Fig. 1 shows that conduction heats a thin layer of oil sand adjacent to the steam "chamber," mobilizing the bitumen. The density difference between the steam and bitumen causes the bitumen to drain to the bottom of the chamber along with the steam condensate that is formed as a result of the heat conduction ahead of the front. The steam gains access to new formation as the bitumen drains, causing the front to advance upward and outward. This continues as long as more steam and oil sand are available and as long as the draining bitumen and condensate are removed from the bottom of the chamber. The rate of drainage is controlled by permeability.
Liquids within the steam chamber drain very rapidly relative to the speed of frontal advance so that chamber gas saturations are high and the water and oil saturations are close to residual values. Cumulative oil production is nearly proportional to the steam-chamber volume. Refs. 2 through 4 provide a more complete discussion of SAGD mechanisms.
The Phase A Test.
Regardless of well control and petrophysical data available, the extreme heterogeneity of the McMurray pay makes a priori forecasting of SAGD performance problematic because interbedded sand lenses can form tortuous but continuous paths that are not discernible from delineation wells. The main objective of the Phase A test was to resolve this uncertainty by direct measurement of the SAGD rate in a minimal volume of reservoir. Phase A consisted of three pairs of horizontal wells (Fig. 2). Each well pair had a producer completed low in the pay zone and an injector parallel to and ˜5 m above the producer. The well pairs were nominally spaced 25 m apart, and the effective length of the completions was 55 m. The pattern also contained 26 temperature, pressure, and geotechnical observation wells drilled vertically from surface.
Ref. 5 describes the geology of the Phase A site. Fig. 3 is a cross section through the middle of the pilot, and Table 1 lists some key petrophysical parameters for the UTF site that are typical of the McMurray formation throughout the Athabasca region.

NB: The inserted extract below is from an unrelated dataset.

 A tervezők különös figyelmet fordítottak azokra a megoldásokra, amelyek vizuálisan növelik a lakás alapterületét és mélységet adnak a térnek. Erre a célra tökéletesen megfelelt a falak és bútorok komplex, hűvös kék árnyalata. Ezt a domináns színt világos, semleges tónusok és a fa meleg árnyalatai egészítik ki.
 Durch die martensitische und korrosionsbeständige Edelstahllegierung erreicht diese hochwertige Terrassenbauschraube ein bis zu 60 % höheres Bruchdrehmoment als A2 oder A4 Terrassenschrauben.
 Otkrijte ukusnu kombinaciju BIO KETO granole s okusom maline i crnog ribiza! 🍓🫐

Units E and G, comprising most of the bottom half of the pay, were high-quality, essentially continuous sand bodies that were highly saturated with bitumen. The top half of the pay, Unit D, was interbedded and bioturbated sand, silt, and claystones. The sand lenses were all well-saturated.
Unit F consisted of muds and silts that were interbedded with sand lenses and heavily bioturbated. This unit separated the injectors and producers for two of the well pairs, Pairs Al and A3. The other pair, Pair A2, was deliberately drilled so that both wells were above this partial barrier.

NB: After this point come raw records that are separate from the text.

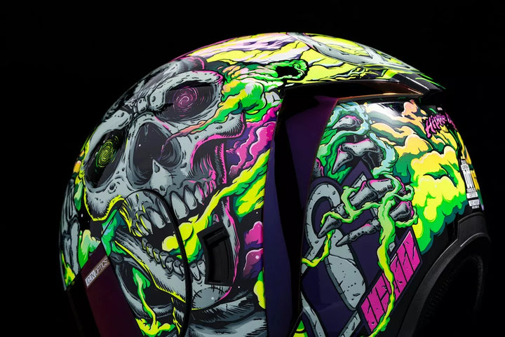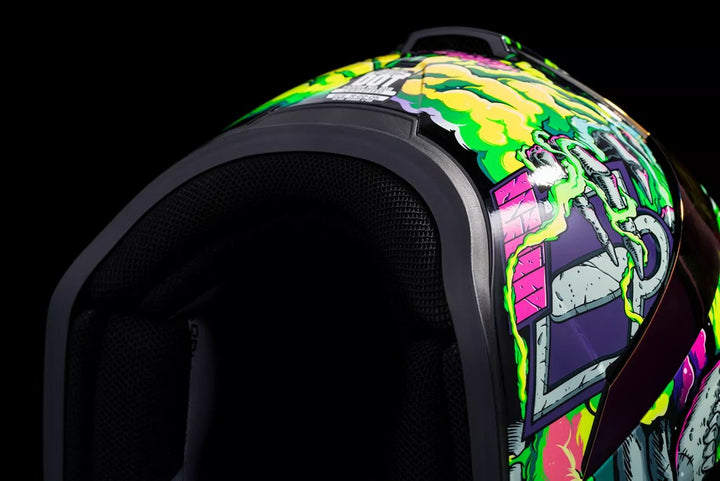 Zatrudniona wtryskowa powłoka poliwęglanowa do wytrzymałości i trwałości, pośrednia forma głowicy, instalowana tarcza optyki bez mgły, fioletowa tarcza optics ™, w tym system blokowania dymu, system wentylacyjny Phelok SHID ™, Roll SHID ™, SCILPTED SHIRK, FULLE RST SPOULER ZAKŁADNIK OPTICS ™ Shield ma szybką pozycję w pełni zamkniętą pozycję, zdejmowany uformowany deflektor oddechu, pracą wewnętrzną kieszonkową z ikonami R.A.U. Urządzenie Bluetooth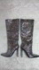 Sparkly boot with faux suede upper. Black boot embellished with rhinestones and gemstones. Pointed toe and stiletto heel. No zipper so you pull them on and off. The pointed toe makes them a little narrow fitting up front.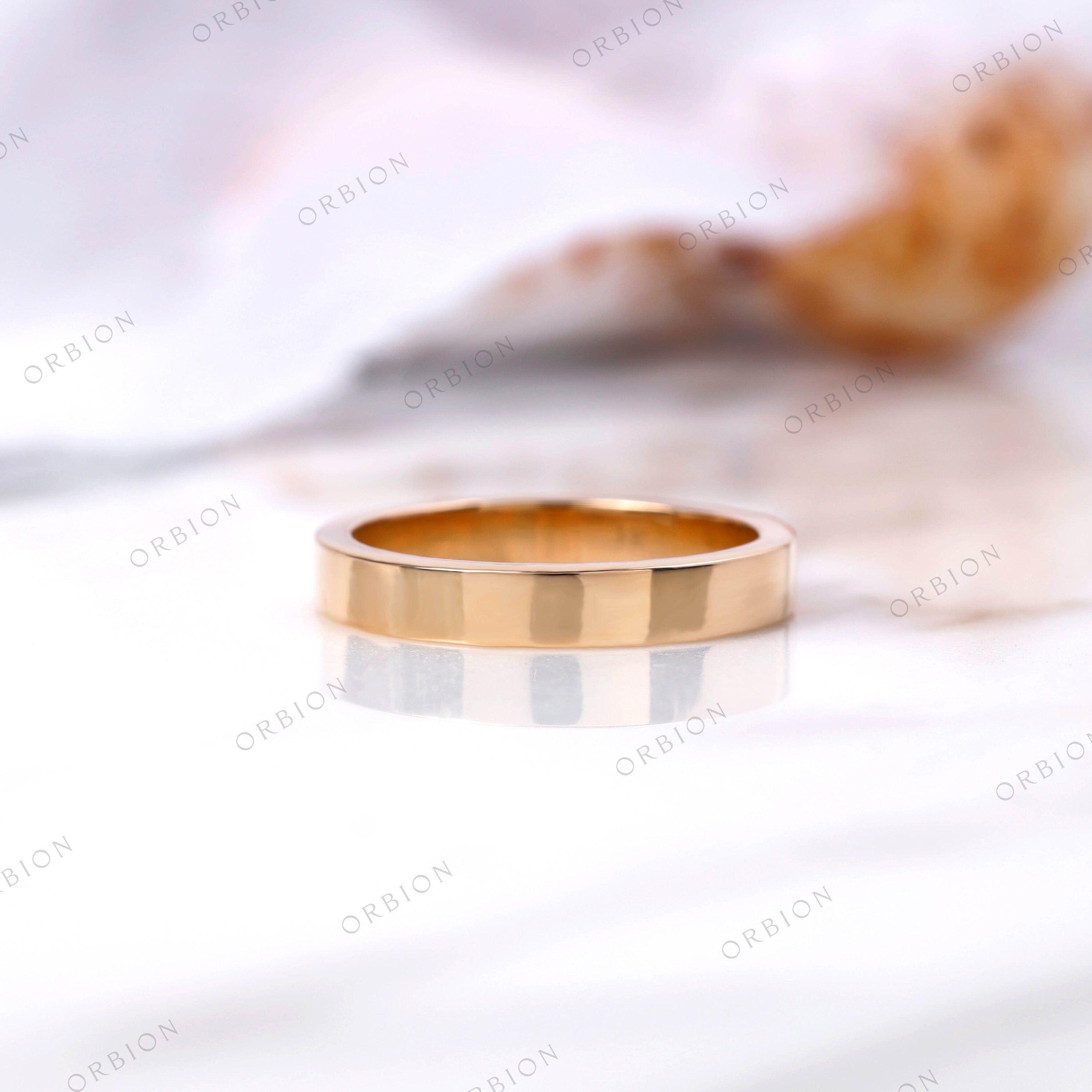 4 MM Wide Plain Gold Band, Flat Gold Band Ring, Simple Band Ring Women, Comfort Fit Wedding Band, Yellow Gold Band, Gold Band For Men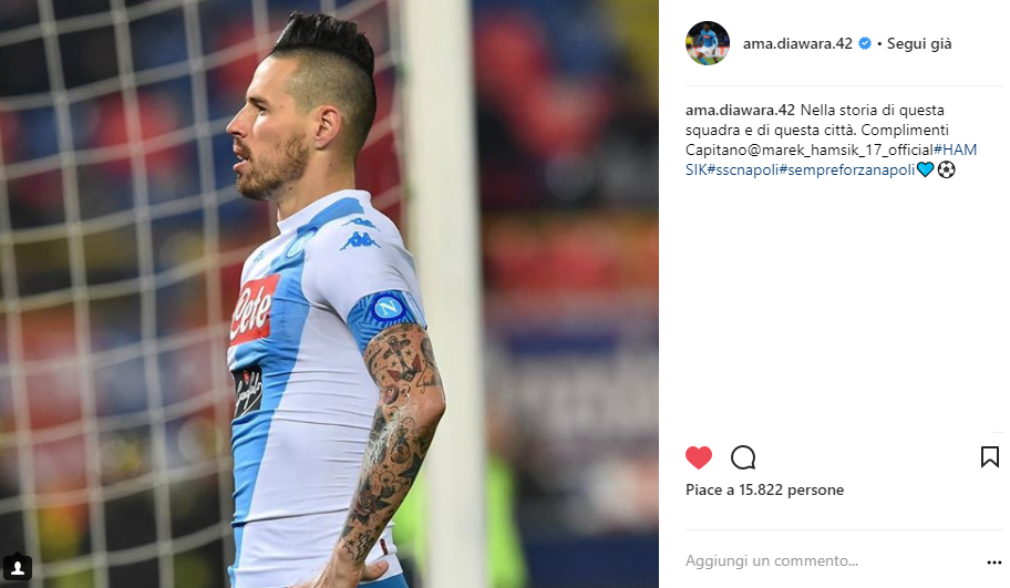 Non è mancato il messaggio di Amadou Diawara che sul suo profilo Instagram gli ha dedicato un post e poi una story. “Nella storia di questa squadra e di questa città. Complimenti Capitano”, ha scritto.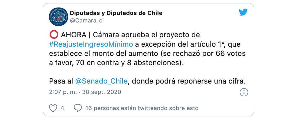 La Cámara de Diputados rechazó por 66 votos a favor, 70 en contra y ocho abstenciones el aumento de los 6.000 pesos del sueldo mínimo, por lo que el proyecto pasará al Senado sin el monto comprometido por el Gobierno.

At the cold initial reservoir temperature (7°C), bitumen is extremely viscous and connate water is immobile. Mobility in the reservoir is so low that superficial oil-phase velocities can be measured in feet per year, even under huge pressure gradients. This precludes direct convective heating as in a classic steamflood displacement.
Completions design6 was considered critical to the success of the Phase A test. Massive sand influx into the wellbore had been encountered by previous operators in the region and was considered the most likely cause of possible test failure. In addition, the liners had to be large enough to prevent large pressure gradients, especially in the injection well, because excessive pressure gradients in the wells also appear in the steam chamber and interfere with gravity stabilization of drainage over the length of a well pair.7
All wells were completed with l4-cm liners, made up of alternating sections of blank casing and sand control screens, run into open hole (Fig. 4). Conventional wire-wrapped screens were used in two well pairs, and a steel-wool-filter design was used in the third pair. Tubing strings were landed near the end of each liner to provide circulation of hot fluids throughout the length of each well.